** Work instruction **
With pictures removed, print the listing exactly.

** Dataset records **

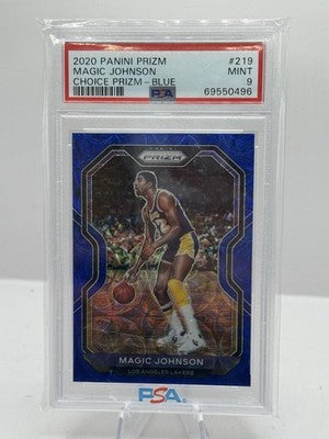 Magic Johnson Choice Prizm Blue 26/49 PSA 9 2020-21 Panini Prizm #219 LA Lakers
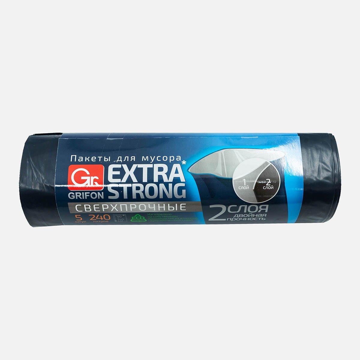 Пакеты Грифон д/мусора двухслойные 240л 90х140см 5шт в рул 101-078
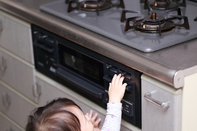ストーブやキッチンで、やけどの危険がある所では目印を
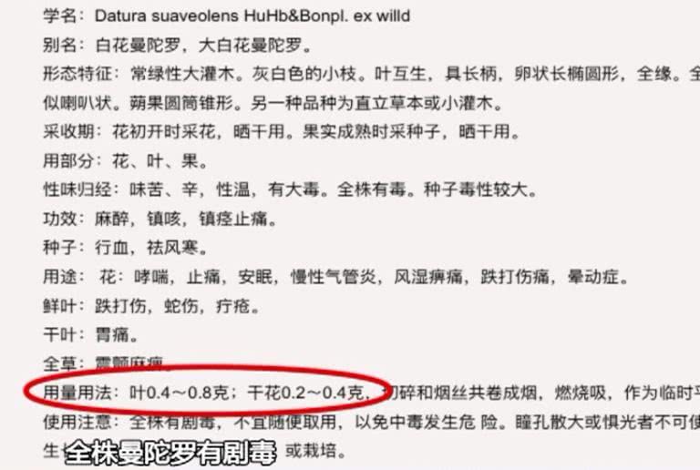 據(jù)了解,曼陀羅又名洋金花,有一定的藥用價值,但也有毒理作用,有多例報道介紹過曼陀羅致人中毒事件。據(jù)相關資料顯示,曼陀羅葉應用藥0.4克至0.8克,干花用藥0.2克至0.4克,使用注意事項提及到,全株曼陀羅有劇毒,不宜隨便取用,以免中毒發(fā)生危險。
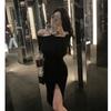 Vestido ajustado con hombros al descubierto y cadera para mujer, nuevo vestido de verano a la moda, elegante y sexy con abertura en la parte superior.
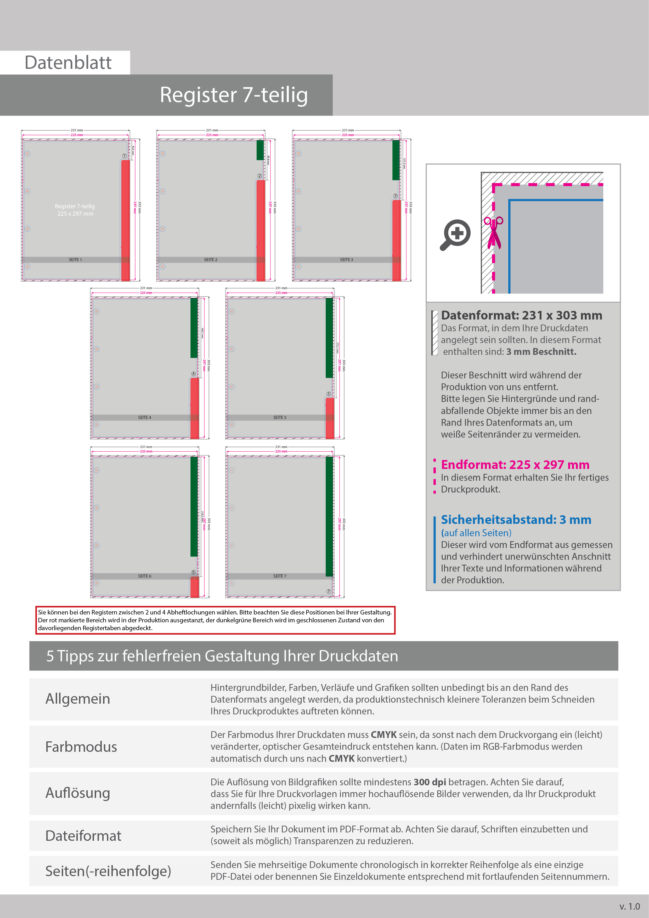 Registerblätter für DIN A4, 7-teilig, einseitig bedruckt (4/0)
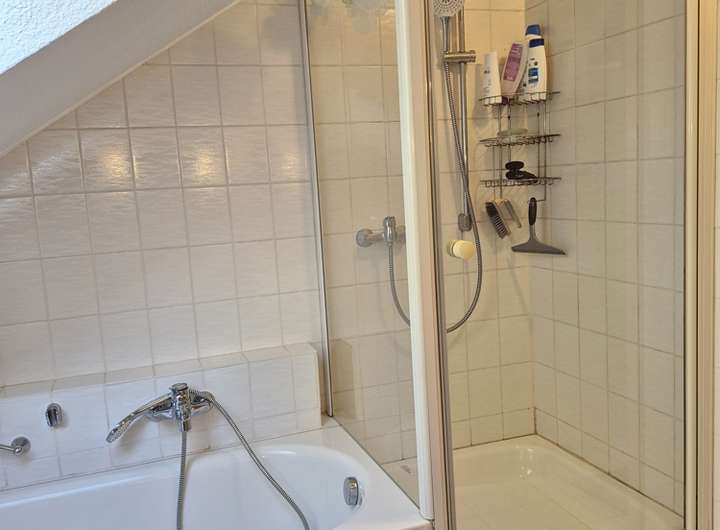 - Wohnung DG: 4 ZKB, Gäste-WC, Gartenhaus, Gartenanteil, 2 Stellplätze (ca. 95,04 m² Wfl., aktuell 700 Euro KM, diese WEH wird ab Januar 2026 neu vermietet)
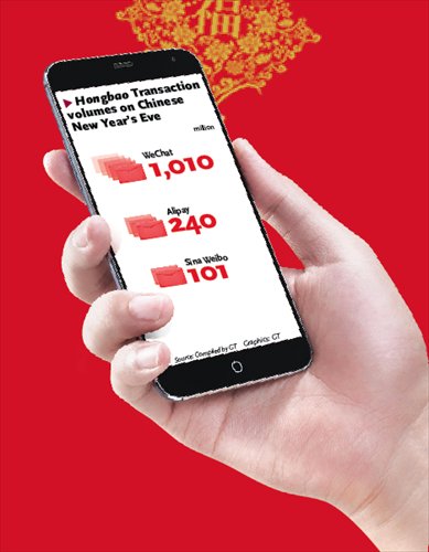 China's Internet giants, mainly Tencent Holdings and Alibaba Group Holding, enticed millions of users to the country's mobile payment market with the use of digital hongbao (cash-filled red envelopes) during the Spring Festival holidays, analysts said on Tuesday.

** Response to the task **
 Magic Johnson Choice Prizm Blue 26/49 PSA 9 2020-21 Panini Prizm #219 LA Lakers
 Пакеты Грифон д/мусора двухслойные 240л 90х140см 5шт в рул 101-078
ストーブやキッチンで、やけどの危険がある所では目印を
 據(jù)了解,曼陀羅又名洋金花,有一定的藥用價值,但也有毒理作用,有多例報道介紹過曼陀羅致人中毒事件。據(jù)相關資料顯示,曼陀羅葉應用藥0.4克至0.8克,干花用藥0.2克至0.4克,使用注意事項提及到,全株曼陀羅有劇毒,不宜隨便取用,以免中毒發(fā)生危險。
 Vestido ajustado con hombros al descubierto y cadera para mujer, nuevo vestido de verano a la moda, elegante y sexy con abertura en la parte superior.
 Registerblätter für DIN A4, 7-teilig, einseitig bedruckt (4/0)
 - Wohnung DG: 4 ZKB, Gäste-WC, Gartenhaus, Gartenanteil, 2 Stellplätze (ca. 95,04 m² Wfl., aktuell 700 Euro KM, diese WEH wird ab Januar 2026 neu vermietet)
 China's Internet giants, mainly Tencent Holdings and Alibaba Group Holding, enticed millions of users to the country's mobile payment market with the use of digital hongbao (cash-filled red envelopes) during the Spring Festival holidays, analysts said on Tuesday.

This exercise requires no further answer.